Building Lung Tissue Models to Speed Virus Drug Testing
February 25, 2021
Although several vaccines are currently available to protect against infection from the virus that causes coronavirus disease 2019 (COVID-19), the development of drug treatments remains a critical medical need and challenge. One reason is the assays, or tests, that are used to find drugs with antiviral activity often are not measuring how a drug behaves in the human body, including its ability to halt the virus from infecting cells and how variant mutations affect this ability and disease severity.
To help solve this challenge, NCATS scientists are developing a cadre of new 3-D tissue models to examine how respiratory viruses like the SARS-CoV-2 virus and influenza viruses can infect the lungs and other tissues and cause disease.

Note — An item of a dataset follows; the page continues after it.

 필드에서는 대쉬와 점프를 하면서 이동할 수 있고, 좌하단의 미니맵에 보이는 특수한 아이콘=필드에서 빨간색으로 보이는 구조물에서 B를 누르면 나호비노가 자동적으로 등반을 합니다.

They plan to use these models to predict the effects of compounds and drugs against these and related viruses to speed potential treatments to the clinic.
“Our ultimate goal is to have a platform of relevant tissue models on hand to evaluate potential drugs and therapies when the next respiratory virus arrives on the scene,” said Emily Lee, Ph.D., a virologist in the NCATS 3-D Tissue Bioprinting Laboratory (3DTBL).

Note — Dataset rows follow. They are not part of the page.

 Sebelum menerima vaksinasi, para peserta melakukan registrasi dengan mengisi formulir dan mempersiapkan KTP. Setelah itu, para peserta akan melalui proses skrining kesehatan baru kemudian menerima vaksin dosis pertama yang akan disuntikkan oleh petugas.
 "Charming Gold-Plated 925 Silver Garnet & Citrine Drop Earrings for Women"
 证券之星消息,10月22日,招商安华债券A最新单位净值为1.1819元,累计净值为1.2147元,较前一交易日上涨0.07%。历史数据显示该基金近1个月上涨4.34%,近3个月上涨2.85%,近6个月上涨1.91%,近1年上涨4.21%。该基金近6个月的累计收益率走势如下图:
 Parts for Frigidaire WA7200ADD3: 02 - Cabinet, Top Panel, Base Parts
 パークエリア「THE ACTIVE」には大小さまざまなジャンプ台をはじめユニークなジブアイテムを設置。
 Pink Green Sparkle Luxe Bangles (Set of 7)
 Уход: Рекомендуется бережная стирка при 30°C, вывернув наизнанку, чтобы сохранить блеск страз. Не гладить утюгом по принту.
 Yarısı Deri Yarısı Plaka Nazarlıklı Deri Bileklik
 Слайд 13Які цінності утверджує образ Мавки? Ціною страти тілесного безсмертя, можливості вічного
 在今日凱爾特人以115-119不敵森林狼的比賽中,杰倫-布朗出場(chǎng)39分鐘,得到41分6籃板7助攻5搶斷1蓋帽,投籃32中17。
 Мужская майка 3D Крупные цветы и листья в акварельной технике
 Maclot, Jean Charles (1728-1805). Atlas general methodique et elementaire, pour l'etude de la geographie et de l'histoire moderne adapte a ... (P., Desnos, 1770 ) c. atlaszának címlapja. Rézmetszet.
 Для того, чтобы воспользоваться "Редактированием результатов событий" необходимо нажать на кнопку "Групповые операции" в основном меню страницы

Led by Marc Ferrer, Ph.D., 3DTBL scientists use 3-D tissue engineering techniques to create these laboratory-grown human tissue models that mimic natural tissues in human organs. The tissues live on multiwell plates, where viruses can be added to study how the cells in these tissues are infected and to test the effects of drugs or compounds in halting viral infection. NCATS scientists and others are designing assays to use in experiments, including those in which viruses and their variants can be seen infecting cells as they do in the human body. The experiments will help them determine which drugs and compounds among large collections should be tested in more expensive and time-consuming animal studies.

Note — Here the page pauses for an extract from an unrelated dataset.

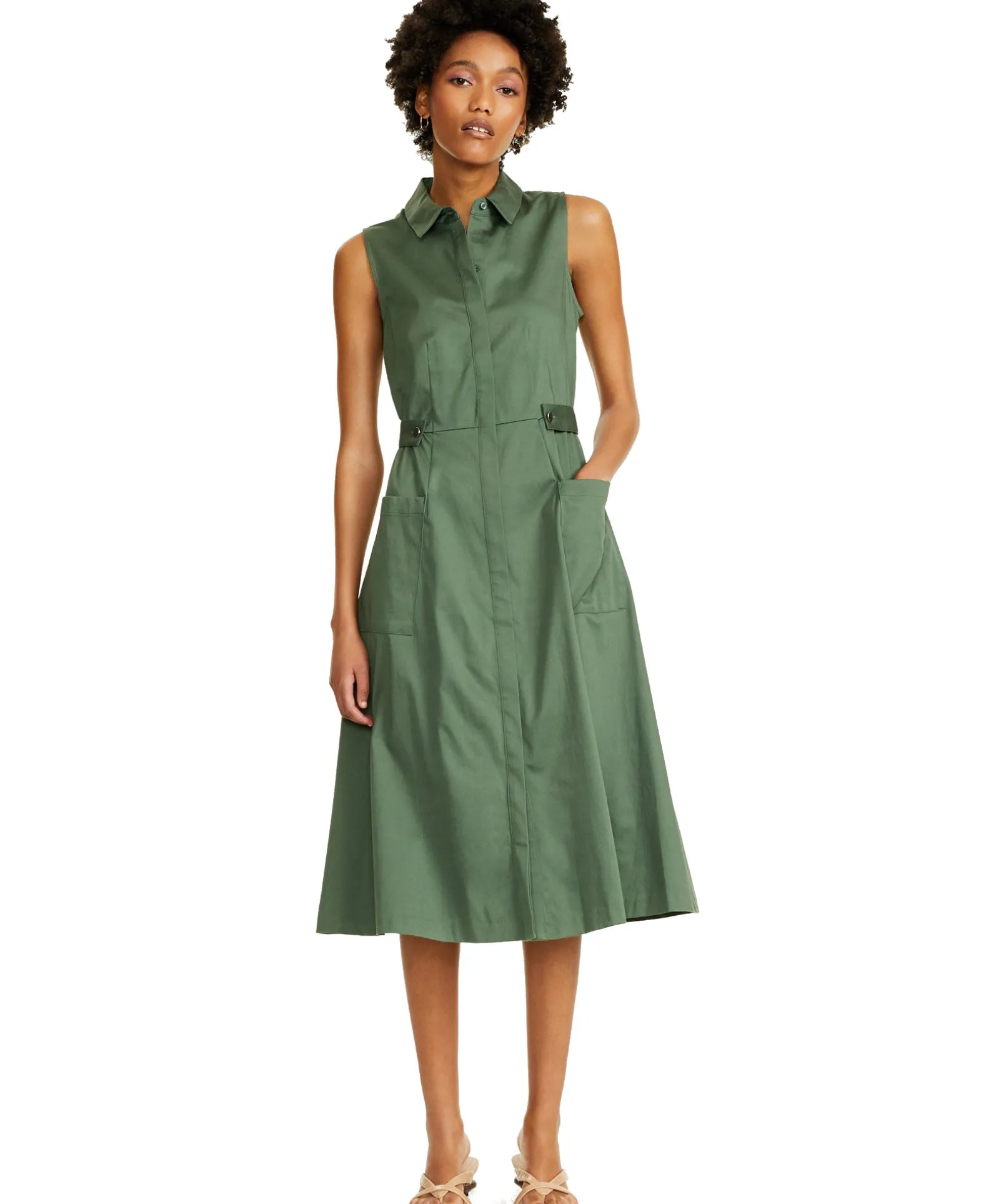 - Point collar; Fit & flare silhouette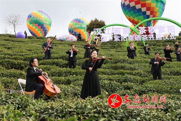 開園儀式有茶山實景演藝、紫陽民歌聯(lián)唱、祭茶神儀式、華服秀等。上午10時,開園儀式在沉浸式交響樂《春之聲》中浪漫開場,樂團成員分布在茶園間,音符隨山風(fēng)流淌,樂聲與茶山風(fēng)光交相輝映,觀眾置身茶園,仿若與自然共譜春之樂章。茶山大秀《生生不息》以天地為幕、茶園為臺,采茶號子響徹山谷,7位紫陽民歌手帶來的聯(lián)唱《山河共鳴》,以原生態(tài)唱腔配以舞蹈演員的靈動演繹,唱響茶鄉(xiāng)人民對自然的敬畏與生活的熱愛。整場演出高潮迭起、亮點紛呈,令嘉賓和游客們流連忘返。

They also expect that these tissue models will quickly help shed light on whether new mutant variants of the viruses are able to infect cells and whether treatments remain effective.
“3-D tissue models of infected cells can be a bridge to use for rapid, high-throughput screening of thousands of compounds and drugs at once to evaluate potential therapies,” said Lee. “Pandemics are going to keep happening, most likely with respiratory viruses. We want to build a platform where we can plug in any respiratory virus.”
3-D tissue models of infected cells can be a bridge to use for rapid, high-throughput screening of thousands of compounds and drugs at once to evaluate potential therapies. Pandemics are going to keep happening, most likely with respiratory viruses. We want to build a platform where we can plug in any respiratory virus.
Complexity matters
Existing lung tissue models have limited uses in drug testing, Ferrer noted. The NCATS team is using tissue engineering techniques to build different 3-D lung tissue models — some more biologically complex than others — that are made up of various kinds of cells involved in viral infection. The researchers think this strategy will help them study and characterize various aspects of the viral infection process.
For now, the NCATS scientists do not actually work with live SARS-CoV-2 in their laboratories because NCATS lacks the appropriate biosafety laboratory for such experiments. They are, however, studying live SARS-CoV-2 infection in their collaborators’ facilities.
With the help of an intramural award from the National Institute of Allergy and Infectious Diseases’ Intramural Targeted Anti-COVID-19 (ITAC) program, the team is using a technique called single-cell RNA sequencing to determine how and when a viral infection turns which genes on and off in different cell types. They are using these models and single-cell RNA sequencing to study a variety of respiratory viruses in addition to SARS-CoV-2, including various strains of flu and coronaviruses, to better understand the biology of the viral infections in human organs. These studies can provide insights into genetic changes brought on by infections of the different virus variants.
“We’re developing models of greater physiological complexity to see the effects of the virus infection on different cell types, such as those that make blood vessels,” said Ferrer.
His team is creating lung tissues with blood vessels to investigate whether and how SARS-CoV-2 and other viruses play a role in the formation of blood clots, which has been seen in some patients with COVID-19. The team also is working to develop models to examine how the body’s immune system reacts to SARS-CoV-2 infection. In some COVID-19 patients, the immune system unleashes excessive amounts of proteins that trigger inflammation — called a “cytokine storm” — and can lead to acute respiratory distress syndrome, multiple organ failure and other life-threatening complications.
“The benefit of our approach is that we can recapitulate not only the infection, but also the disease aspect,” Lee said. “When we’re testing the effects of drugs on a virus infection in our models, we can screen for broad antiviral effects but also for drugs that can be used against the specific disease.”
These studies may allow the team to observe how a viral infection affects patients with different underlying conditions, such as diabetes or hypertension. As NCATS scientists continue to create innovative, preclinical 3-D cellular models to study the details of viral infections and test promising drugs, one of their goals is to accelerate the development of more individualized therapies as well.